- _Data records_:

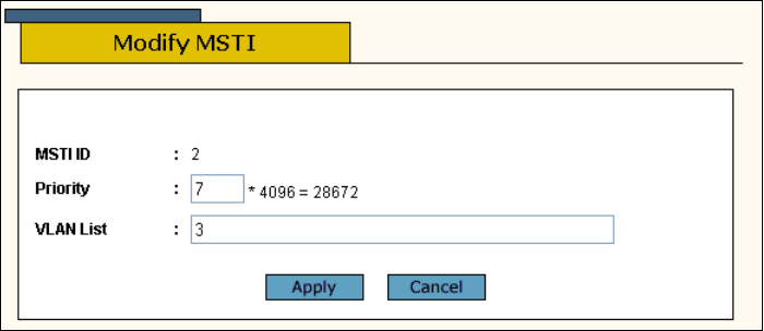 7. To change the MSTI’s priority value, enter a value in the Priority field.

...

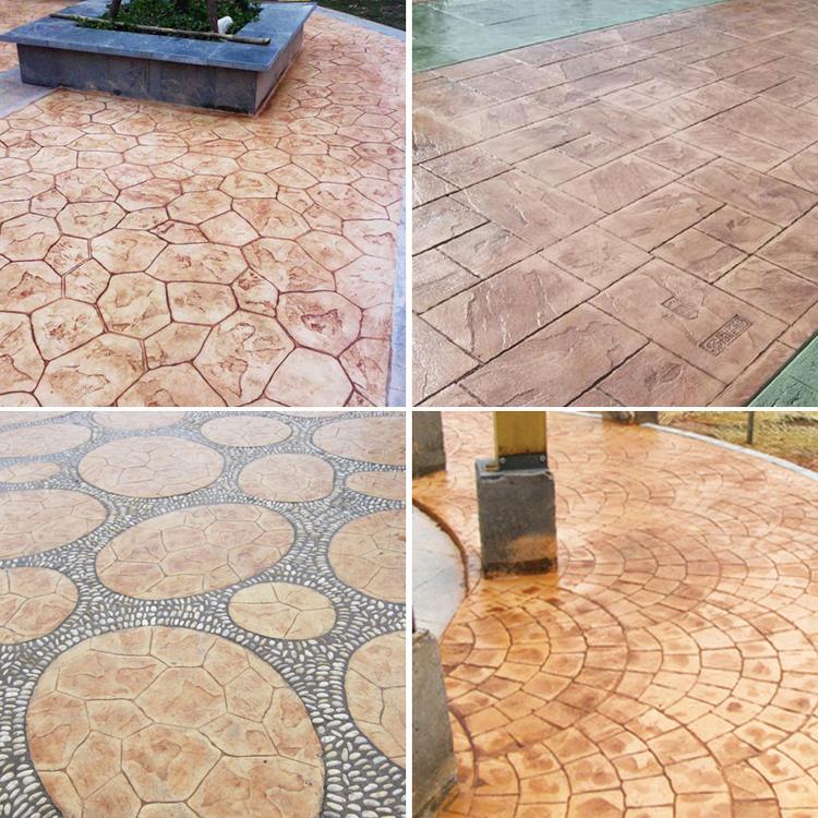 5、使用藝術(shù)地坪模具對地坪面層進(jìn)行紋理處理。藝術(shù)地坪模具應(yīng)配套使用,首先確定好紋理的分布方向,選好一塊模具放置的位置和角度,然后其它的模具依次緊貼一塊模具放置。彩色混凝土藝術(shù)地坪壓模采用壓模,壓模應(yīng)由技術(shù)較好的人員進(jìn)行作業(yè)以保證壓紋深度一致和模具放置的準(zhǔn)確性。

==

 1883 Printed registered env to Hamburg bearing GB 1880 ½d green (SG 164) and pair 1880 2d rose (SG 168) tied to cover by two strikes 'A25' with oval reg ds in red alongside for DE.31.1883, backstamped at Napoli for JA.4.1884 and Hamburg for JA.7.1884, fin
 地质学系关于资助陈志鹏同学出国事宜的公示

- _Aim of the exercise_:
Copy out only the lines above from the one with "1883 Printed registered" to the one with "地质学系关于资助陈志鹏同学出国事宜的公示", inclusive, exactly as they stand.

- _The answer_:
 1883 Printed registered env to Hamburg bearing GB 1880 ½d green (SG 164) and pair 1880 2d rose (SG 168) tied to cover by two strikes 'A25' with oval reg ds in red alongside for DE.31.1883, backstamped at Napoli for JA.4.1884 and Hamburg for JA.7.1884, fin
 地质学系关于资助陈志鹏同学出国事宜的公示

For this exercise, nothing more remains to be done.